Its funny you posted this question because I implemented this into my game yesterday in about an hour. I used a different method called RLE (Run Length Encoding) to compress the amount of data being saved to the file. What I did was each chunk of the world has its own save file with the name of the file being “chunk_”. It goes through each row of the chunk’s tiles and uses the RLE compression method.
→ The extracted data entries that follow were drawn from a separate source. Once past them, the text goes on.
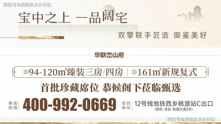华联峦山府是由华联控股与恒裕集团联合开发的高端住宅项目,位于深圳市宝安区航城大道与前进二路交界西北角,地处西乡核心区域,紧邻地铁12号线西乡桃源站 C 出口,交通便利,生态资源丰富。更多项目详情,可拨打我们开发商售楼处电话,24小时VIP热线电话:400-992-0669,中介勿扰,安排现场销售人员为您详细介绍,400-992-0669(已认证)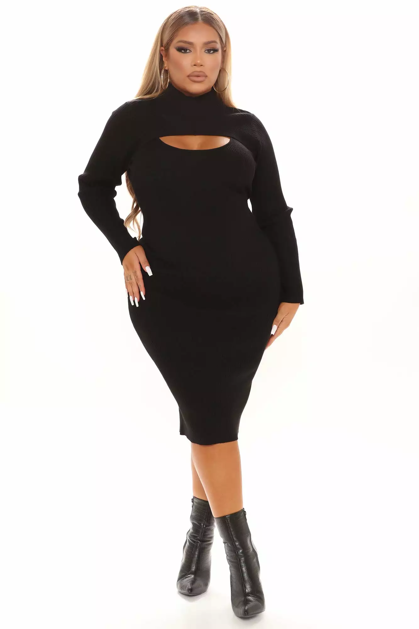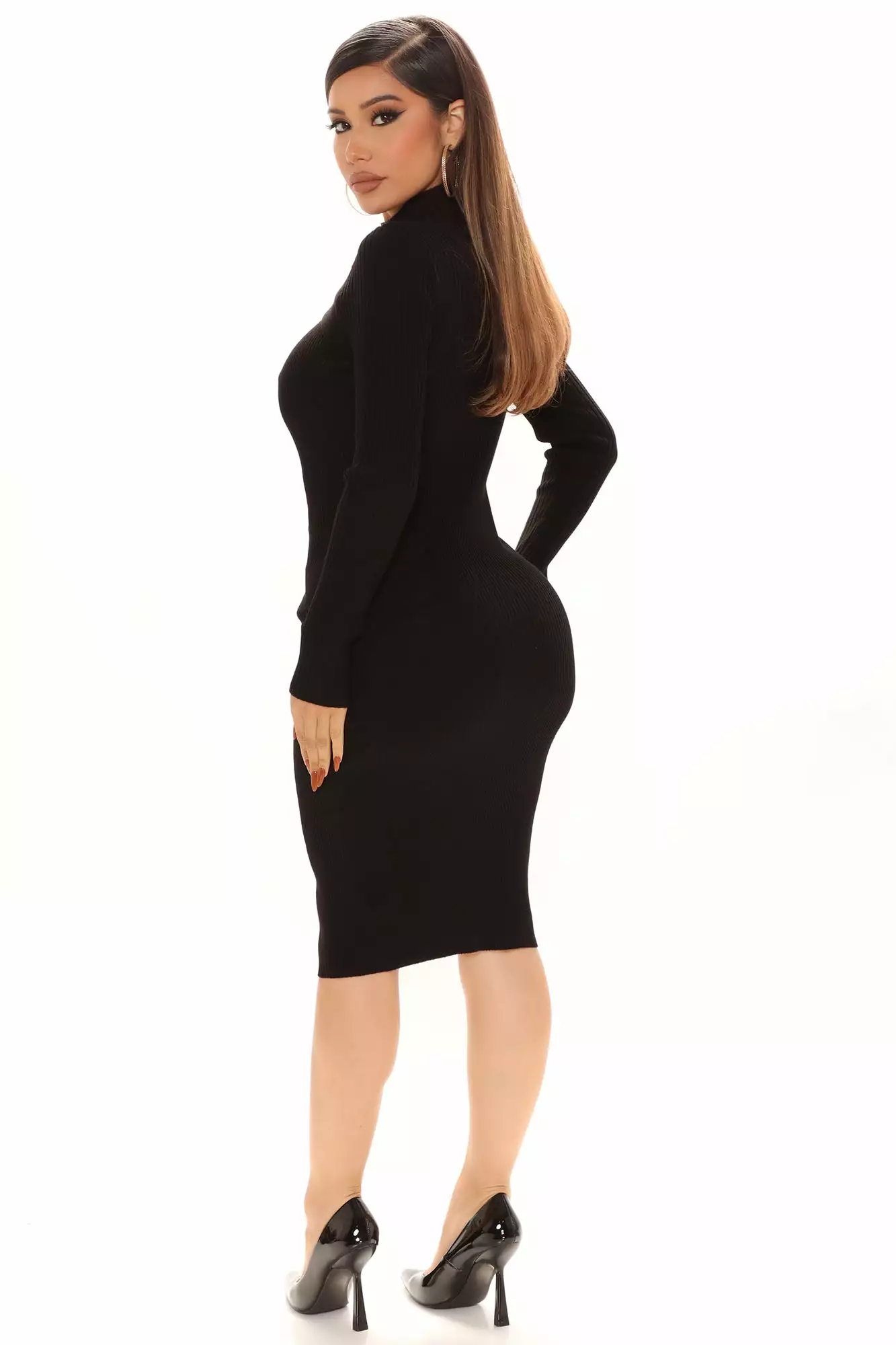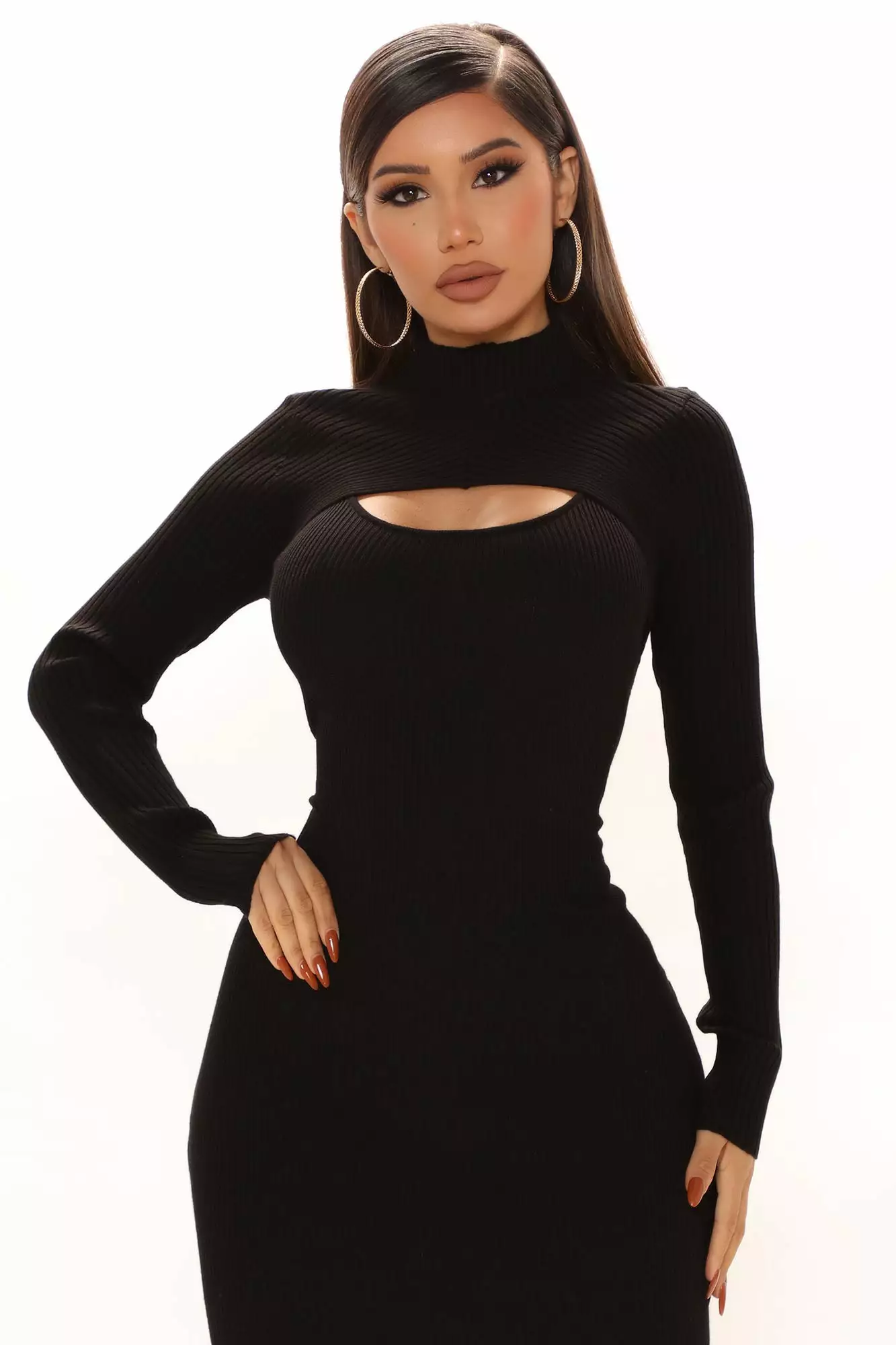 Fashion Nova Moments After Sweater Midi Dress – Black
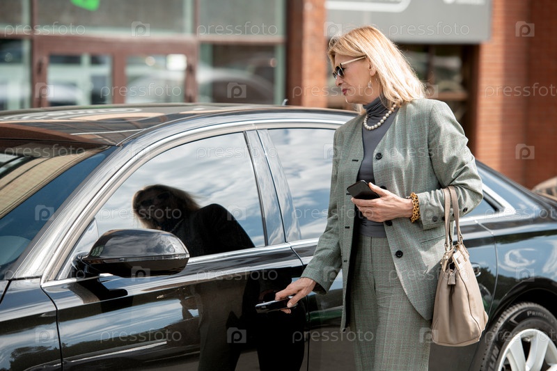 Элегантная зрелая деловая женщина в солнцезащитных очках и сером костюме стоит рядом с черной машиной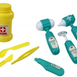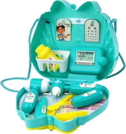 En ouvrant le sac, les enfants découvrent toute une gamme d’instruments médicaux qui stimulent leur imagination et encouragent le jeu créatif. L’ensemble comprend un thermomètre, un otoscope et une boîte à comprimés, permettant aux petits médecins d’assurer des soins complets à leurs patients.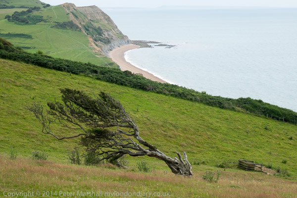 ![]() We lay exhausted on the top of Golden Cap and ate our sandwich lunch ![]() ![]() ![]() ![]() West from the top of Golden Cap ![]() East from the top of Golden Cap ![]() ![]() And then started to make our way down ![]() ![]() The trees grow blown by the wind ![]() ![]() ![]() ![]() And we went down to the sea at Seatown. Here too the coastal path has been diverted slightly due to landslip ![]() |
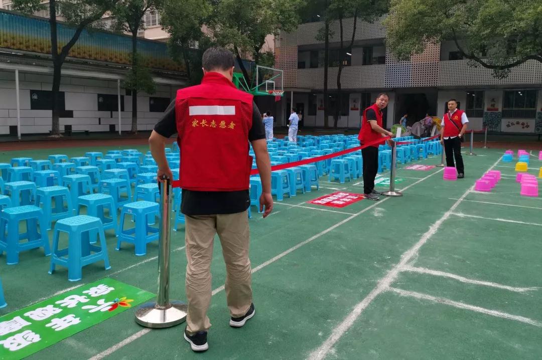 在“六一”庆祝活动期间,校家委会有近30位志愿者主动报名参与服务。在校家委会主任四(3)班康婧怡爸爸的统筹带领下,大家分工合作,井然有序地开展工作。文艺汇演18点30分开始,家长志愿者们17点前就已到岗。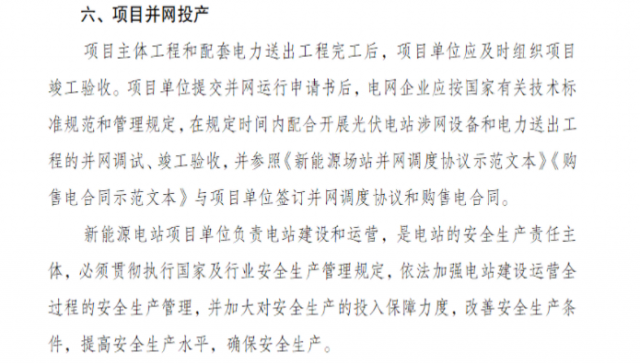列入年度建設(shè)方案的項目,完成備案后2個月內(nèi)應(yīng)實現(xiàn)開工(辦理用林用地、環(huán)保水保、接入系統(tǒng)審批等開工前期手續(xù)的時間可剔除,剔除時間最長不超過2個月),原則上光伏項目開工后8個月內(nèi)應(yīng)具備投產(chǎn)條件,自開工之日起1年內(nèi)應(yīng)具備全容量并網(wǎng)條件;風(fēng)電項目開工后12個月內(nèi)應(yīng)具備投產(chǎn)條件,自開工之日起18個月內(nèi)應(yīng)具備全容量并網(wǎng)條件。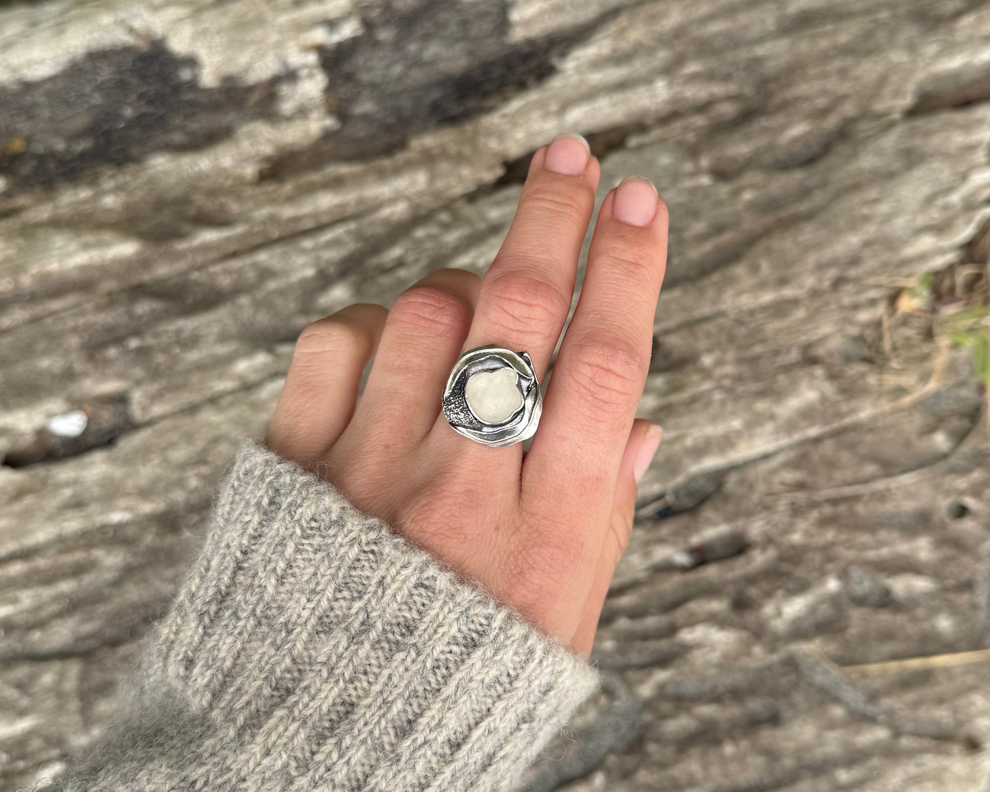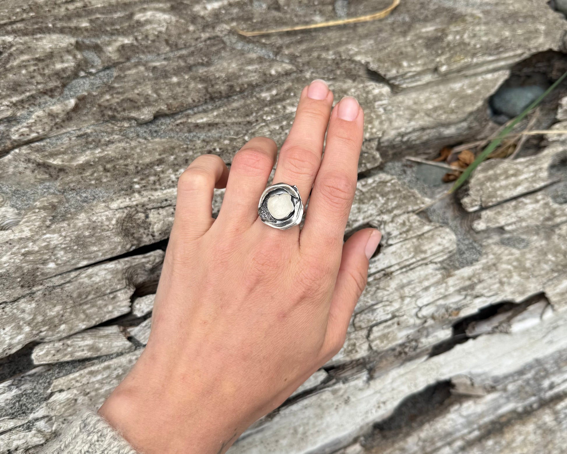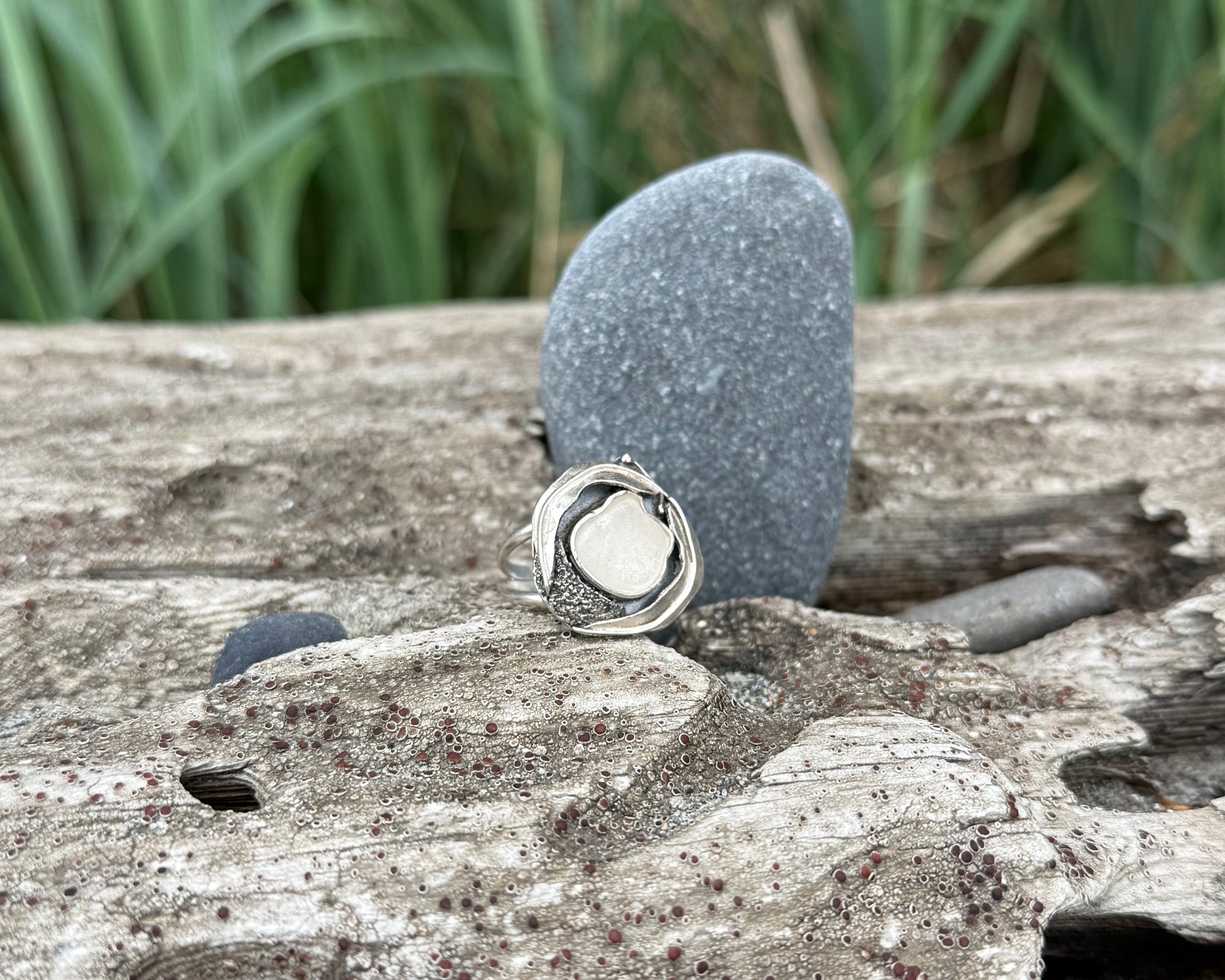 White seaglass is nestled within a modern, simple setting reminiscent of a tide pool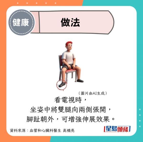 - 看電視時,坐姿中將雙腿向兩側張開,腳趾朝外,可增強伸展效果。

The way that the RLE compression works is it takes a common pattern and compresses it for you. There are many ways to implement and interpret the compression method but I’ll explain to you my implementation. So say that you have 10 blocks with the ID 5 in a straight line in a row. Instead of formatting those 10 blocks as “5 5 5 5 5 5 5 5 5 5”, where each number is the ID of the block, it instead formats as “5-10” where the first number is the ID and the second number is the amount of blocks in a row. So if you have a line that is “5 5 5 3 3 4 1 1 1 1 1 1” it would instead be saved as “5-3 3-2 4-1 1-6”. This works very well for chunks that are large.
So my implementation goes through and does that for each row and then each line in the saved file is a corresponding row in the chunk. Here is my code:
public static void saveChunk(String worldFileName, Chunk chunk) {
//.... I load the file and some other stuff up here. That's also why there is a try/catch
try {
String totalToken = Chunk.CHUNK_SIZE + " " + Chunk.CHUNK_SIZE + "\n"; //First line is the width and the height of the chunk
for (int y = 0; y < Chunk.CHUNK_SIZE; y++) { //Go through each row
BlockType lastType = null;
int sameCount = 0;
for (int x = 0; x < Chunk.CHUNK_SIZE; x++) { //Go through each column
BlockType type = chunk.getBlock(x, y); //Get the block type
if (type == null) //In case it is null which it is in newly generated chunks
type = BlockType.AIR;
if (lastType == null) //if it is the first instance because only the first run will be null
lastType = type;
if (type == lastType) { //We're still counting the same blocktype
sameCount++;
} else if (x != 0){ //We found a new blocktype. Save in format <id>-<count>
totalToken += lastType.getId() + "-" + sameCount + " "; //Add it to the row
sameCount = 1; //Restart the count
lastType = type; //Set the last type to our new type
}
}
if (sameCount != 0) { //If there are values not saved and still counting at the end of the row before going to the next...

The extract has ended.